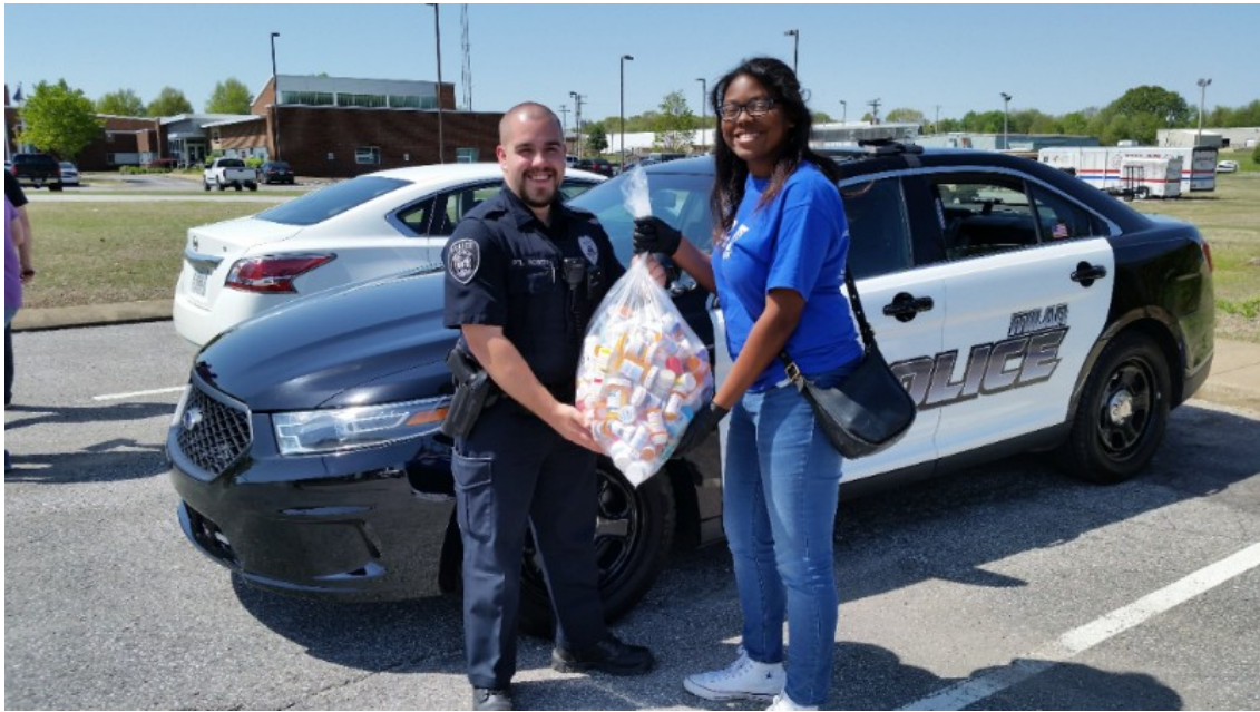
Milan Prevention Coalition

▬▬▬▬▬▬

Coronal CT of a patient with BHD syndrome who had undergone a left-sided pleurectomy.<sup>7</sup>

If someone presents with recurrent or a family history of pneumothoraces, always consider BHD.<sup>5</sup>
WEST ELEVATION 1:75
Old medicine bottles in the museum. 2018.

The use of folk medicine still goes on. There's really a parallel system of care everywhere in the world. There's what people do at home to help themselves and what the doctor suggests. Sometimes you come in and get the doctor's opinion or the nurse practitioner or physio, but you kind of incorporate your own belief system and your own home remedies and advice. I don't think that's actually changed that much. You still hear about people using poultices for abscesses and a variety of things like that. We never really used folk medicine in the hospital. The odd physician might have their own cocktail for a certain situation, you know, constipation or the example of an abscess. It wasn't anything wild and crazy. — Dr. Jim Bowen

▬▬▬▬▬▬

The lines above that hold the word "medicine" are the ones to copy.

→ TASK SOLUTION
Old medicine bottles in the museum. 2018.
The use of folk medicine still goes on. There's really a parallel system of care everywhere in the world. There's what people do at home to help themselves and what the doctor suggests. Sometimes you come in and get the doctor's opinion or the nurse practitioner or physio, but you kind of incorporate your own belief system and your own home remedies and advice. I don't think that's actually changed that much. You still hear about people using poultices for abscesses and a variety of things like that. We never really used folk medicine in the hospital. The odd physician might have their own cocktail for a certain situation, you know, constipation or the example of an abscess. It wasn't anything wild and crazy. — Dr. Jim Bowen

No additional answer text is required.